For a long time, scientists have been interested in the ability of blind humans to apply echo-acoustics into understanding the space just around them. Some are able to listen for the echoes from self-produced sounds in a very precise way during the  daily live, such as assessing distances, probing obstacles, and discriminating between objects which had different textures and various sizes. However, so far, scientist have known little  about the sensory-motor interactions hidden behind the efficient echo-acoustic orientation. Different from the animals like bats, human being have no large, mobile ears, just like radar dishes, by swiveling their ears, they could indentify echoes from the tiny, flying insects.

To examine whether people could do the same after some training despite of inability of our ears, Ludwig Wallmeier and Lutz Wiegrebe of Ludwig Maximilian University in Munich enrolled eight volunteers who had normal vision for exploration of a long corridor made of concrete walls and PVC flooring only by clicking their tongues.
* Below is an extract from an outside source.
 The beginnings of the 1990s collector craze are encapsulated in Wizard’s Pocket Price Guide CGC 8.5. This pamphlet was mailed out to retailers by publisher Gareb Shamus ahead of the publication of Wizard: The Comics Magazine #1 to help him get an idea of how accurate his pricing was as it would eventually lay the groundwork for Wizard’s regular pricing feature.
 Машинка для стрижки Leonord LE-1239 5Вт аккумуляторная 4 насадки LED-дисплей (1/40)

After several weeks of training, most of them behaved quite well, because they could be able to reliably orient themselves to go through the corridor without colliding with any walls only by the means of clicks and echoes.
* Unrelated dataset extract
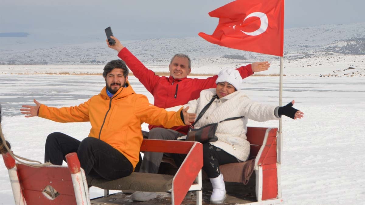 Kışın yüzeyi buz tuttuğu için köylülerin üzerinden ulaşım sağladığı Çıldır Gölü, her yıl binlerce ziyaretçiyi ağırlıyor.

Actually, Ludwig Wallmeier and Lutz Wiegrebe had designed a virtual version of the corridor, called as VEAS, the short term for the virtual echo-acoustic space, so as to identify how vital head and body movements were to their accuracy instead of just hearing alone. To make certain that their VEAS was realistic; the research team recruited two blind professional echolocation teachers who had learned to echolocate by themselves since they were young kids.

When sitting in a chair, the tongue clicks of these blind teachers were collected by a headset microphone and were played again via headphones just like they were in the corridor as before. The aim was still to line their bodies up with the center of the corridor, and they received the tests in two ways. Firstly, by a joystick they could rotate the virtual corridor and did not move their bodies. But for the second test, the corridor was set and they could be able to swivel their chairs and move their heads.

On the occasion it was not allowed for them to move their bodies or heads, they would teeter-totter down the virtual corridor and failed to make correction by themselves before running into a virtual wall. However, as the corridor was fixed and they were free to move their bodies and heads, these blindfolded recruits were capable of quickly correcting themselves.

It is hoped that such a virtual reality program like this one could be much helpful in teaching blind people to use echolocation.

Journal reference: Wallmeier, Ludwig, and Lutz Wiegrebe. “Self-motion facilitates echo-acoustic orientation in humans.” Royal Society Open Science 1.3 (2014): 140185.